During the second week of school, our son’s behavior wasn’t improving. This time he was attending school from B’s new part time residence. I received an email that he used his school chromebook to do a search on the word boobs. That he was watching a video called “Fuck Minecraft” and got caught. B continued to blame my household saying it lacked structure and that is why our son acts like he does at school. That in his part time residence they had strict rules around screen time and inappropriate behavior was not tolerated. He told the teacher he and May would surely be talking to our son about his behavior and there would be consequences.

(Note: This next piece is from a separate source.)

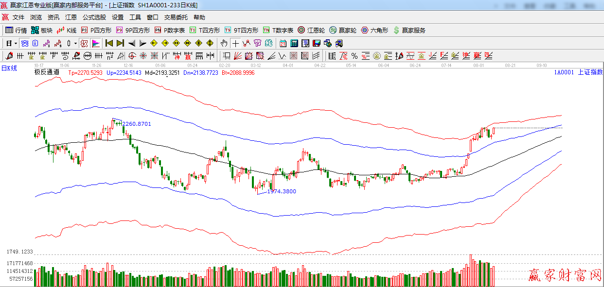 ★依據贏家江恩系統極反通道提示:指數高開一路震蕩上行,關注外軌線2242點阻力。
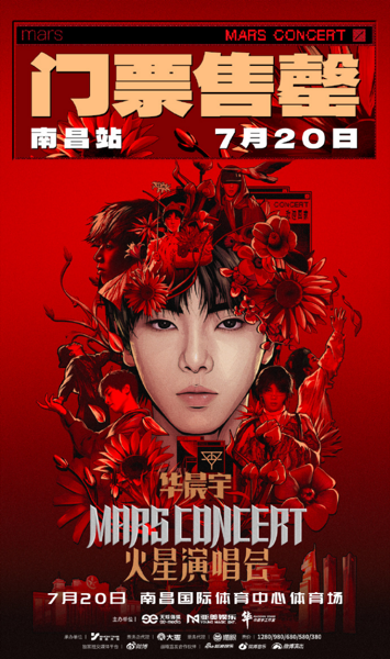 更值得一提的是此次发布的南昌站限定海报,蘸满一笔浓墨,书写火星璀璨华章,毛笔字的运用以及做旧的处理,使得海报整体风格呈现出国风基调,“火星”两个字赤色灼灼,占据海报颇多篇幅,南昌知名景点滕王阁、江西美术馆、绳金塔、南昌之星、八一起义纪念碑、双子塔等地标建筑立于华晨宇身后,预示着火星演唱会即将降临南昌,促成悠久的文化底蕴和现代音乐艺术的交织碰撞,在火星世界达到微妙的契合,也使得歌迷对南昌站的憧憬燃至巅峰。

I had put our travel plans for the kid’s fall break from school in October on the shared calendar six months ahead of time, but B decided our agreement gave him unilateral control to decide when his visits with the kids in our town happened, even if we already had plans. The kids still weren’t vaccinated but he told me he was flying them to Florida to visit his mom. This was the same guy who didn’t want them to return to school in person. I stopped fighting him even though my lawyer said we could push back by filing a motion for an emergency hearing. I decided to add it to the pile of evidence, confident that the judge would finally see how out of control B had been since we were last in court. I saw all these battles as proof that our agreement wasn’t working to benefit the kids. I was holding out for our final day in court for things to get better.
November finally came and the lawyers met with the judge to have our status hearing. The hearing about the hearing. In this hearing, the judge kept throwing out dates to restart the trial but each lawyer had their own conflicts and the soonest they could all line up was February of the following year. We would have to keep on waiting. At least we had a date set for when it all would end. Or so I dearly hoped.